Paper No. 150-6
Presentation Time: 3:00 PM
DIAGENETIC REACTION PROGRESS CONSTRAINS THE THERMAL HISTORY OF THE NANKAI MARGIN
The percentage of illite in illite/smectite mixed-layer clay provides an important constraint on the thermal history of the Nankai Trough subduction zone. Integrated Ocean Drilling Program Site C0002 has penetrated to 3058 meters below seafloor (mbsf) into the inner accretionary prism of the Nankai margin. Clay mineral assemblages for sediment samples and cuttings from this site have been computed from X-ray diffraction analyses. The percentage of illite in illite/smectite mixed-layer clay increases with depth, from initial detrital constituents with ~30% illite in sediment <2000 mbsf to ~60% at ~3000 mbsf.
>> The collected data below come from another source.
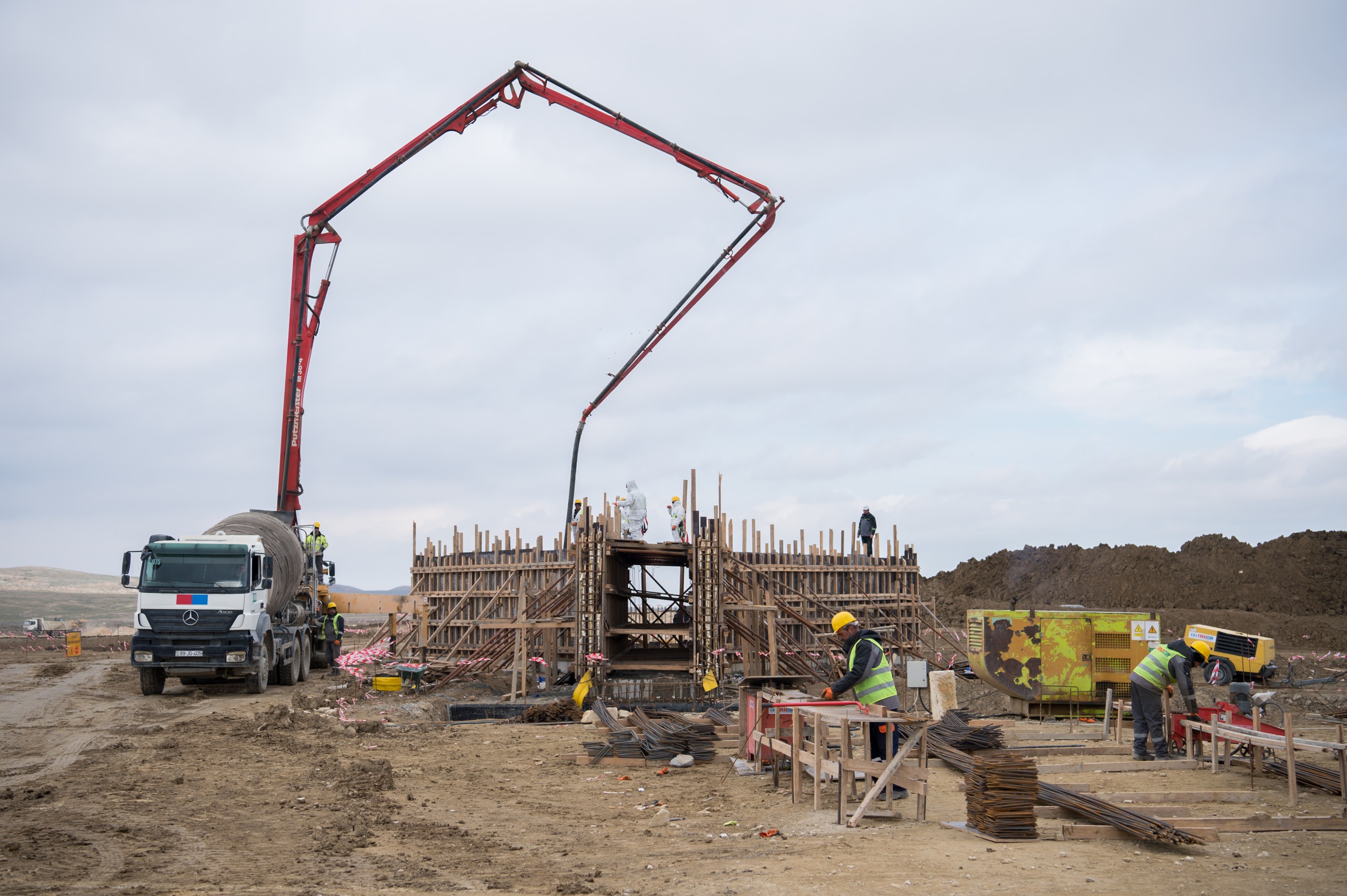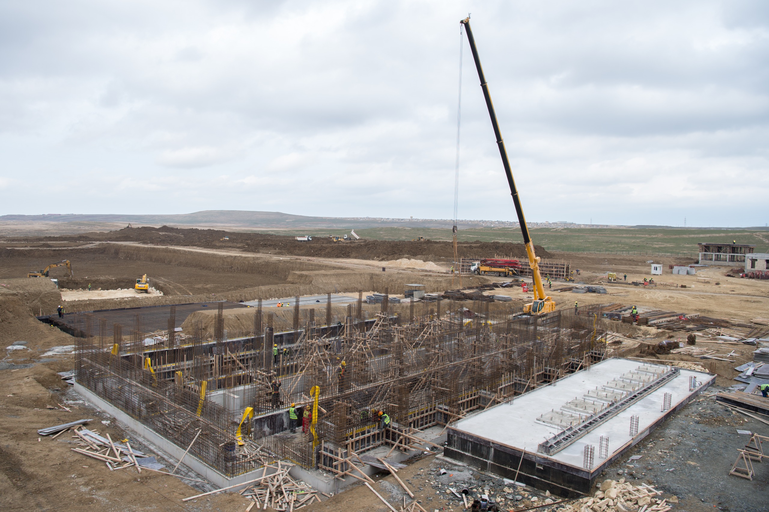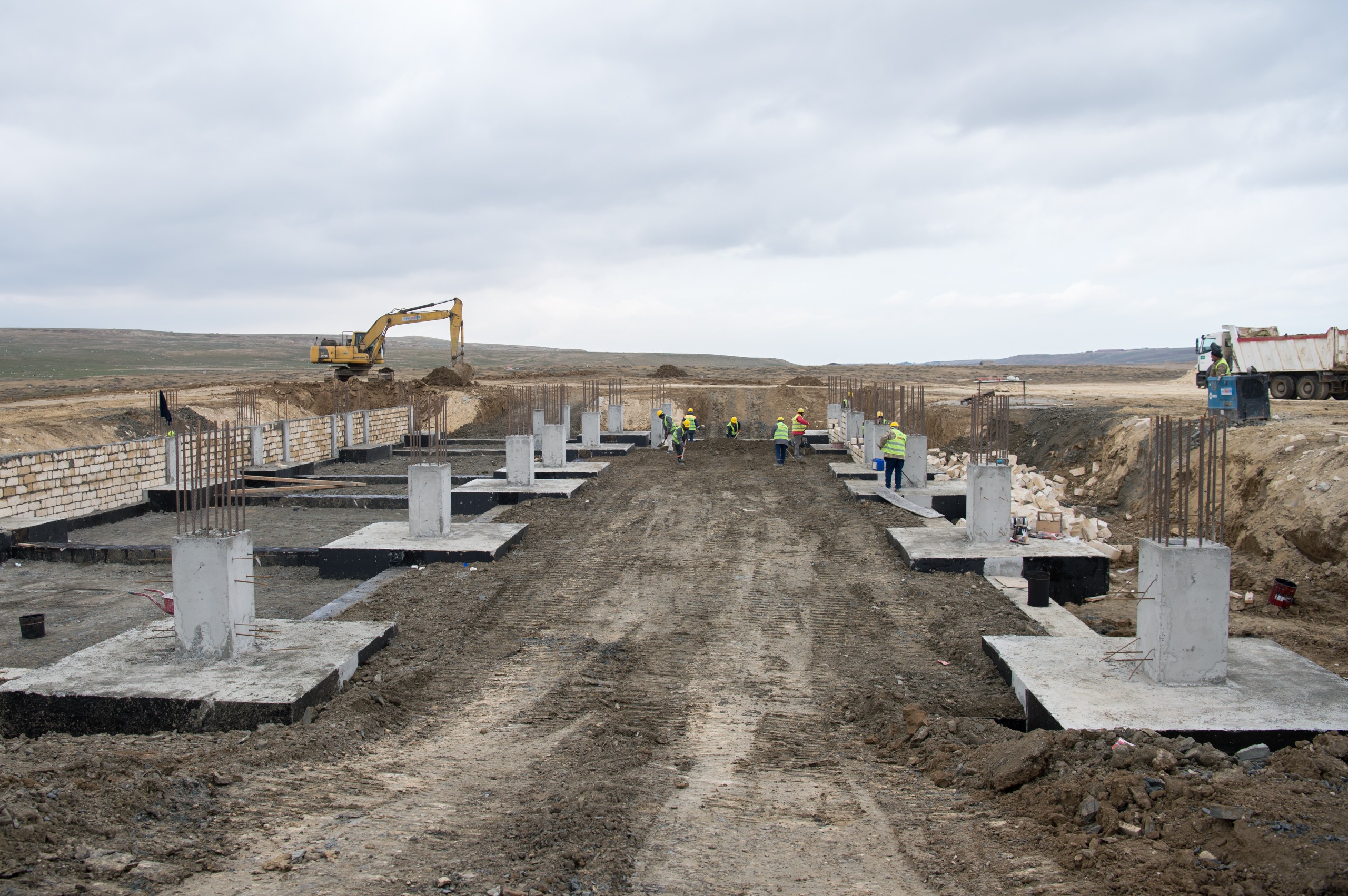 Havalandırma sistemli qum və yağ tutucuda döşəmənin inşası tamamlanıb, divarların dəmir-betonla hörülməsi davam etdirilir.
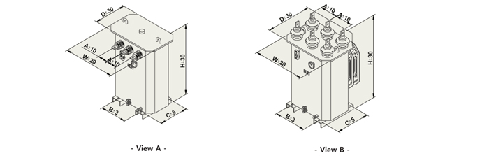 • 회로전압 정격용량 뱅크용량 치수[mm] 그림 중량 W/DC
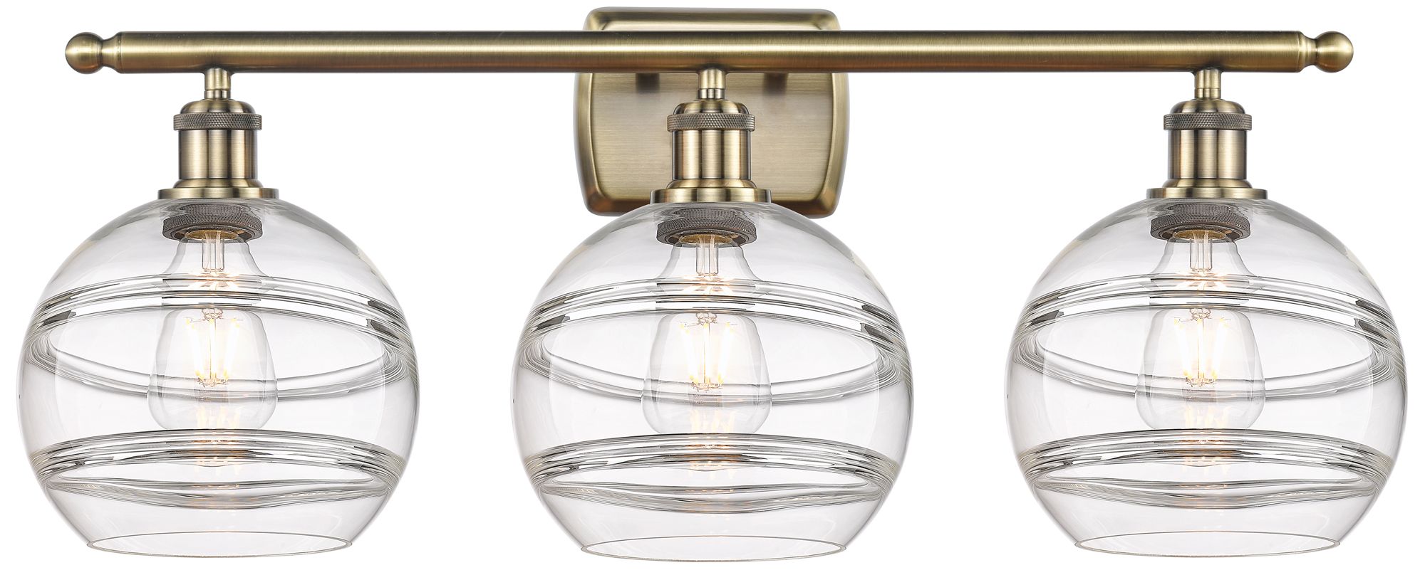 Ballston Rochester 28"W 3 Light Antique Brass Bath Light w/ 8" Cl

Over the same interval, smectite in bulk mudstones decreases to ~5 wt%, and illite increases to ~30 wt%. We generate thermal models for the subduction zone, and use the modeled temperatures to predict the amount and distribution of smectite-to-illite reaction progress. The new thermal models include transient changes in plate convergence rate and the age (and thus, heat content) of the oceanic lithosphere entering the subduction zone, based on current models for the tectonic history for the margin, with Miocene subduction of the Pacific plate followed by the incoming Philippine Sea plate. Additionally, the thermal models include an aquifer in the oceanic crust that enhances heat transport via a high Nusselt number proxy for hydrothermal circulation. The temporal changes in convergence rate and plate age result in higher modeled subduction zone temperatures than predicted using solely the present-day rate and subducting-plate age. Hydrothermal circulation redistributes heat from the subducted crust to the oceanic crust near the trench. Models most consistent with surface heat flux observations include both the effects of hydrothermal circulation and temporal changes in convergence rate and plate age. The modeled depth distribution of clay mineral assemblages is most consistent to the observations in simulations with ~850 meters of burial of the sediment (due to the rapid filling of the Kumano forearc basin by turbidites) over the last ~1.6 million years.